## WHAT THE EXERCISE ASKS
Word for word, transcribe the data below from the line with "张明超一行参观了学校航海模拟" to the line with "(người ở giữa", keeping both of those lines.

## DATA FOR PROCESSING

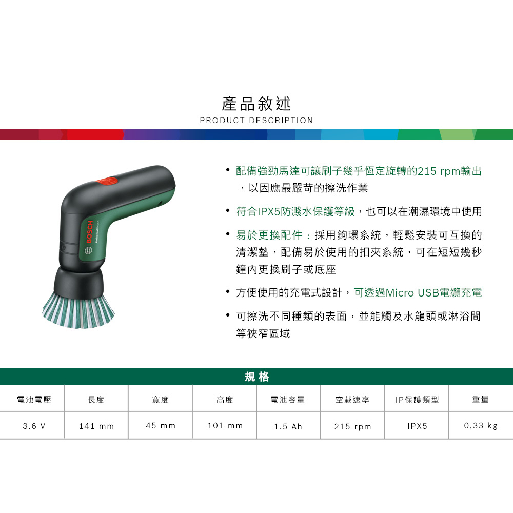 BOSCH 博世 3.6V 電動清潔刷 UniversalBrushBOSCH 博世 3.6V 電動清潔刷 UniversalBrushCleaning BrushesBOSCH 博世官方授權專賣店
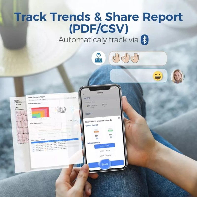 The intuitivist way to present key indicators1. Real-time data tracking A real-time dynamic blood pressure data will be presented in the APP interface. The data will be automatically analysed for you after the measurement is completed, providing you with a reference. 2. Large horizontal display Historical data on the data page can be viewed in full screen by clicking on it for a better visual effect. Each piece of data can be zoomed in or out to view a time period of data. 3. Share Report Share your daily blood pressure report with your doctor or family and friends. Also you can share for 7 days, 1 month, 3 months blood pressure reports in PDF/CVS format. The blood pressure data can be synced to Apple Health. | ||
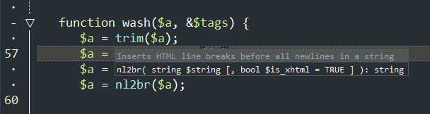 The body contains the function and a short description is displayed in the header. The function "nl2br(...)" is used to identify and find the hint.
---
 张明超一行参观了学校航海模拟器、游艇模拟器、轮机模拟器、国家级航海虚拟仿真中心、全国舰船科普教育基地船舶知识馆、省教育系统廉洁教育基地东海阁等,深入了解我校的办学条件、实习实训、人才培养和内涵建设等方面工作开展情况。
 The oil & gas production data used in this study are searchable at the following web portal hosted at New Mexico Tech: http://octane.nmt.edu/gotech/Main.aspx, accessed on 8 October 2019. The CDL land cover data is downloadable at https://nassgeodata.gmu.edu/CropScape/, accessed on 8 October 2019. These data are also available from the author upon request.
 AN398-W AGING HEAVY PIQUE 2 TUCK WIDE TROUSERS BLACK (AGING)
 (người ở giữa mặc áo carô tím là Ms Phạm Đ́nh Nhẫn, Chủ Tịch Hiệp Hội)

## EXERCISE OUTPUT
 张明超一行参观了学校航海模拟器、游艇模拟器、轮机模拟器、国家级航海虚拟仿真中心、全国舰船科普教育基地船舶知识馆、省教育系统廉洁教育基地东海阁等,深入了解我校的办学条件、实习实训、人才培养和内涵建设等方面工作开展情况。
 The oil & gas production data used in this study are searchable at the following web portal hosted at New Mexico Tech: http://octane.nmt.edu/gotech/Main.aspx, accessed on 8 October 2019. The CDL land cover data is downloadable at https://nassgeodata.gmu.edu/CropScape/, accessed on 8 October 2019. These data are also available from the author upon request.
 AN398-W AGING HEAVY PIQUE 2 TUCK WIDE TROUSERS BLACK (AGING)
 (người ở giữa mặc áo carô tím là Ms Phạm Đ́nh Nhẫn, Chủ Tịch Hiệp Hội)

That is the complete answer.